Now let us examine the whey. It is sweet from containing a kind of sugar called milk-sugar. These sugar substances, when heated with an alkaline solution of a salt of copper, have the property of taking oxygen from the copper compound, changing it to one that is insoluble; and in effecting this change they also cause a change of colour. Thus you see, when I add to this solution of grape-sugar a blue solution of a copper salt (called Fehling's solution, an alkaline tartrate of copper) and heat it, the blue colour gradually disappears and a reddish substance, an oxide of copper (cuprous oxide) falls to the bottom of the glass. Applying the same test to the whey, we find proof of the existence of sugar in it. Now sugar is a compound of carbon, hydrogen, and oxygen. It contains no nitrogen, and hence it is called non-nitrogenous, to distinguish it from the nitrogenous or proteid group of bodies already referred to. As the oxygen and hydrogen in sugar are in the proportion by volume of one of oxygen to two of hydrogen, as in water, sugar is said to be a carbo-hydrate; or, as one might phrase it, it is hydrated carbon. Suppose, as 1 now do, we pour some strong sulphuric acid, which has a great affinity for water, upon a bit of lump sugar, you see the lump soon becomes a black mass of carbon or charcoal. This group of carbo-hydrates includes the various kinds of sugars, starches, and gums. Carbo-hydrates are always present in a diet. They abound in rice, sago, potato, and bread, and in vegetable matters used as foods.

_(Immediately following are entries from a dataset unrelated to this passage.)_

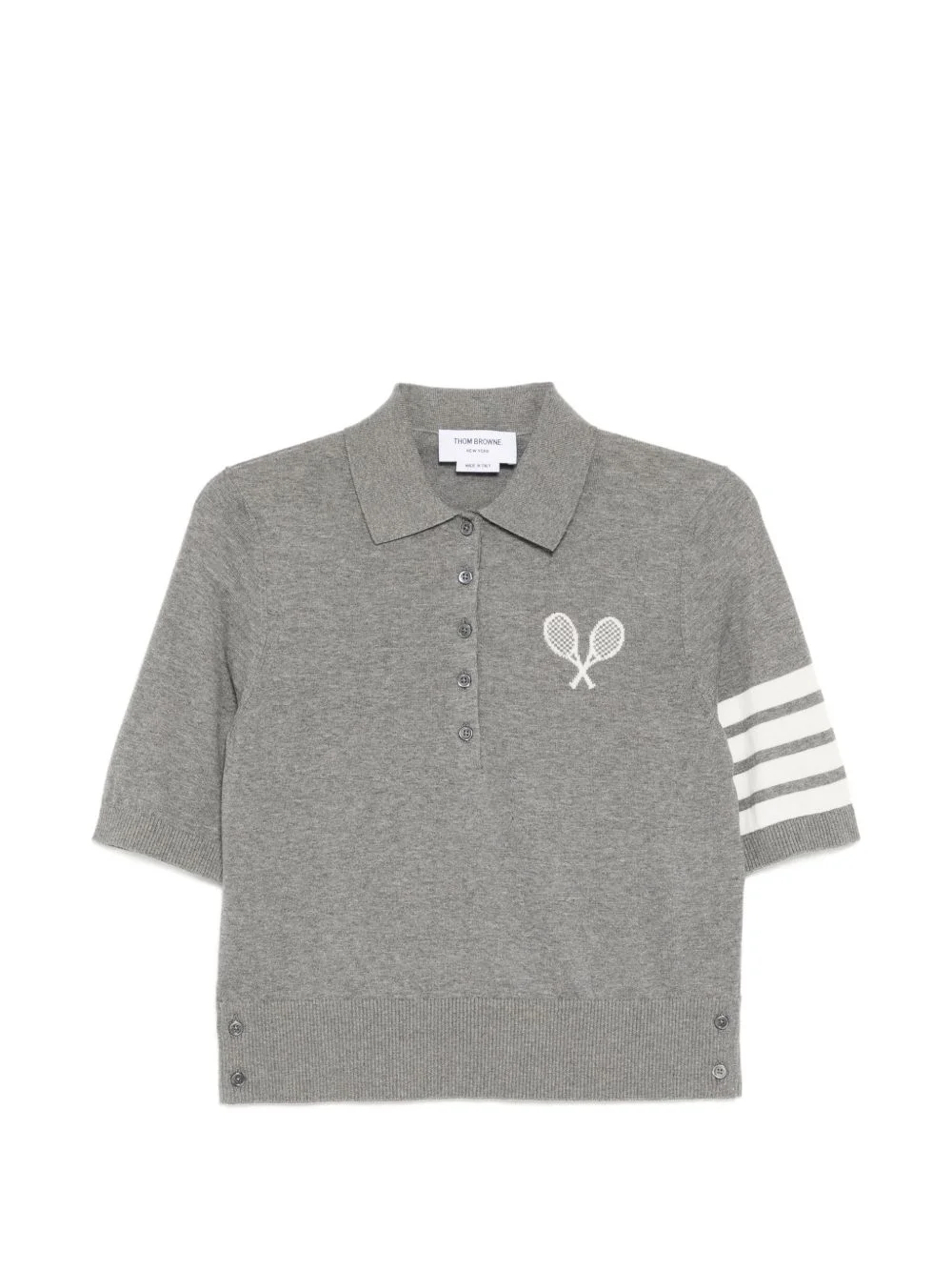 tennis-intarsia polo shirt Highlights - Stone grey - Button fastening - Ribbed hem - Short sleeves Made in Italy Composition Cotton 100% Washing instructions Dry Clean Only
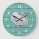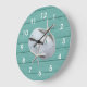 Goes beautiful with my beach theme room. The color is perfect, the hands stand out so you can tell the time so easy. I personalized this clock. The printing came out perfect. I had it done in black and the font is pretty. Shows up very nice on the clock.
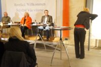 Pozvání CeBB na panelovou diskuzi přijal PhDr. Prokop Tomek, který ukončil doktorské studium obhajobou disertační práce na téma „Historie československé redakce Rádia Svobodná Evropa a její význam pro české dějiny“. Dalším účastníkem diskuze byla Ludmila Rakušanová, dlouholetá a jedna z nejoblíbenějších redaktorek československé redakce Rádia Svobodná Evropa. Jako třetí host diskuze přijel do Schönsee Martin Bachstein, který pracoval téměř 30 let na různých vedoucích pozicích v Rádiu Svobodná Evropa a umožnil díky svým zasvěceným informacím nahlédnout do zákulisí vysílání. Tématy diskuze byly politické záměry rádia, financování ze strany CIA, ohlas posluchačů v České republice, masivní zásahy rušiček, rešerše zdrojů, zaměření vysílání a redakční pracovní postupy.
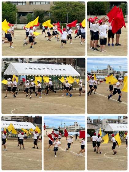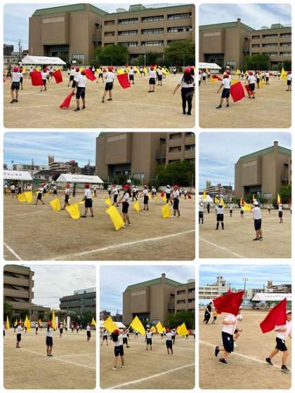 5・6年の練習の様子です。フラッグを持って、音楽に合わせての練習です。自分の立つ位置の確認も行いました。当日の演技を楽しみにしていてください。
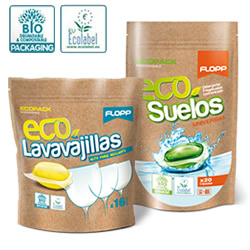 FLOPP ECO es la gama de productos con certificado ecológico envasados en pack 100% biodegradable y compostable.

I need hardly demonstrate to you that milk contains butter. Butter is a mixture of various fats, and as fats are soluble in ether, it is easy to make an ethereal solution of the fat of milk by shaking up milk with ether, after adding a little caustic potash to it and keeping it moderately warm. In this long tube you see a layer of ether holding fat in solution, floating on the top of the fluid. Fat also consists of carbon, hydrogen, and oxygen, but in proportions different from those in which these elements exist in the carbo-hydrates. It contains no nitrogen. Fatty matter must always exist in a diet suitable for sustaining life. Then we have in milk various mineral or saline substances, such as chloride of sodium or common salt, chloride of potassium (possibly), phosphates of soda and potash, phosphates of lime and magnesia, and the ash always shows traces of iron, although we are not acquainted with the exact condition in which iron exists in milk. Here is some ash of milk prepared for us by the chemists, and it would not be difficult to show you that these salts exist in it. Lastly, milk always contains water as the solvent for all the substances I have mentioned. Examine for a moment this table.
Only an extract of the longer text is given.